Raises HallucinationError if raise_on_fail=True. Async supported via ainvoke().

LlamaIndex integration

pip install director-ai[llamaindex,nli]
from director_ai.integrations.llamaindex import DirectorAIPostprocessor

postprocessor = DirectorAIPostprocessor(
    facts={"pricing": "Enterprise plan starts at $99/month."},
    threshold=0.6,
)

# Filters out hallucinated nodes before they reach the user
query_engine = index.as_query_engine(
    node_postprocessors=[postprocessor]
)
response = query_engine.query("What does Enterprise cost?")

Adds director_ai_score metadata to surviving nodes.
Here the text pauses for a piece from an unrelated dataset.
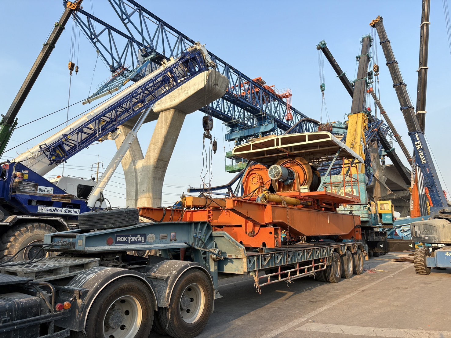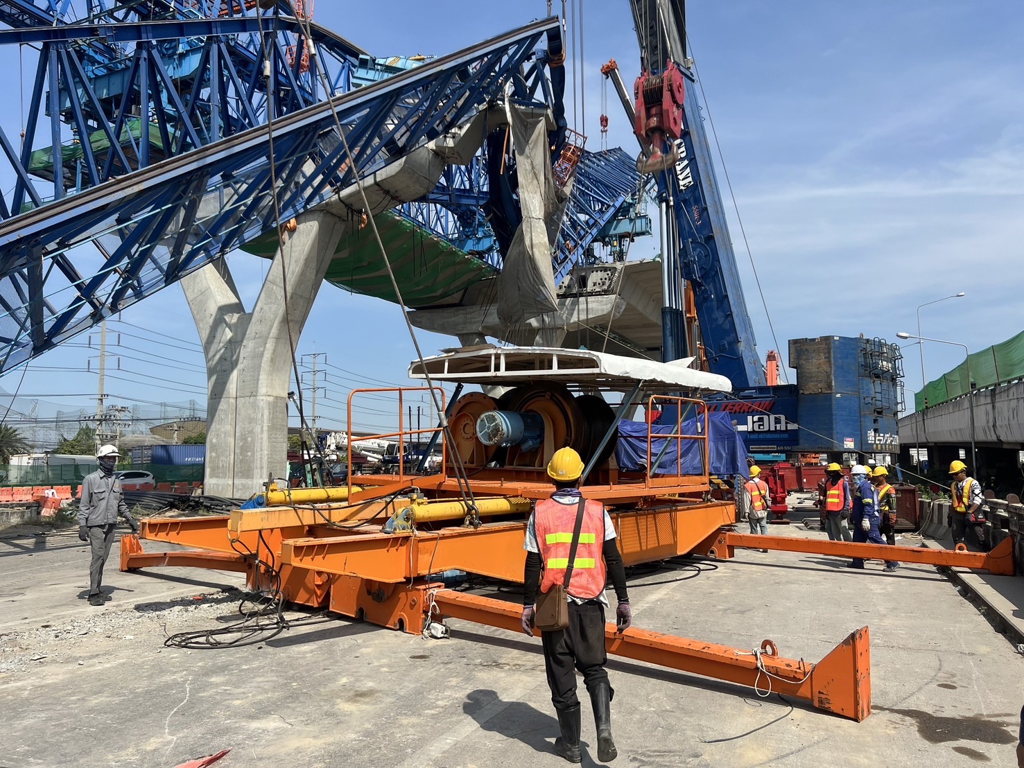 เมื่อวานนี้ (6 ธันวาคม 2567) ทีมวิศวกรได้ดำเนินการตัดชุด Winch ที่ติดกับโครงสร้างเหล็ก เสร็จสิ้นเป็นที่เรียบร้อย โดยดำเนินการตามขั้นตอนอย่างเคร่งครัด ได้แก่ ตัดย่อยอุปกรณ์ที่เกี่ยวข้องกับ Winch เช่น บันไดขึ้น-ลง, สลิง, แกะตู้ Control ออกจาก Winch ลงด้านล่าง, ตัดตะแกรงกันตกชิ้นแรก, ยกชุดรอก Winch ลงมาจากโครงเหล็ก, นำโครงเหล็กชุด Winch ออกจากพื้นที่ และตัดลวดสลิงที่กีดขวางโครงสร้างเหล็ก Truss ออก เพื่อเตรียมความพร้อมสำหรับการรื้อถอนโครงสร้างเหล็ก Truss ที่ได้รับความเสียหายในวันนี้ (7 ธันวาคม 2567) โดยเริ่มจากด้านหลังและยกลงมาด้านล่างล่าสุดเมื่อเวลา 10.00 น. ดร.อรรถสิทธิ์ ศิริสนธิ ที่ปรึกษาคณะอนุกรรมการสาขาวิศวกรรมโครงสร้างและสะพาน วิศวกรรมสถานแห่งประเทศไทย ในพระบรมราชูปถัมภ์ (วสท.) พร้อมด้วยทีมวิศวกรผู้เชี่ยวชาญ ได้ลงพื้นที่ตรวจสอบความพร้อมก่อนการรื้อย้าย Launching Gantry (LG) โดยมีการดำเนินการ ดังนี้

Also usable standalone via postprocessor.check(query, response).

LangGraph integration

from director_ai.integrations.langgraph import director_ai_node, director_ai_conditional_edge

node = director_ai_node(facts={"policy": "Refunds within 30 days."}, on_fail="flag")
edge = director_ai_conditional_edge("output", "retry")
# Wire into your LangGraph StateGraph

Haystack integration

from director_ai.integrations.haystack import DirectorAIChecker

checker = DirectorAIChecker(facts={"policy": "Refunds within 30 days."})
result = checker.run(query="Refund policy?", replies=["60-day refunds."])
print(result["scores"])  # [CoherenceScore(...)]

CrewAI integration

from director_ai.integrations.crewai import DirectorAITool

tool = DirectorAITool(facts={"policy": "Refunds within 30 days."})
result = tool.check("Refund policy?", "We offer 30-day refunds.")
print(result["approved"])  # True

Score caching

scorer = CoherenceScorer(
    threshold=0.6,
    cache_size=1024,   # LRU cache for streaming deduplication
    cache_ttl=300,     # TTL in seconds
)

More examples

Example Backend What it shows
quickstart.py None Guard any output in 10 lines
openai_guard.py OpenAI Score + streaming halt for GPT-4o
ollama_guard.py Ollama Local LLM guard with Llama 3
langchain_guard.py LangChain Full chain guardrail
streaming_halt_demo.py Simulated All 3 halt mechanisms visualised

Interactive demo

Open in Colab

pip install director-ai gradio
python demo/app.py

Scoring Formula

Coherence = 1 - (0.6 * H_logical + 0.4 * H_factual)
Component Source Range Meaning
H_logical NLI model (DeBERTa) 0-1 Contradiction probability
H_factual RAG retrieval 0-1 Ground truth deviation
  • Score >= 0.6 → approved (configurable)
  • Score < 0.5 → safety kernel emergency halt

Benchmarks

Accuracy — LLM-AggreFact (29,320 samples, 11 datasets)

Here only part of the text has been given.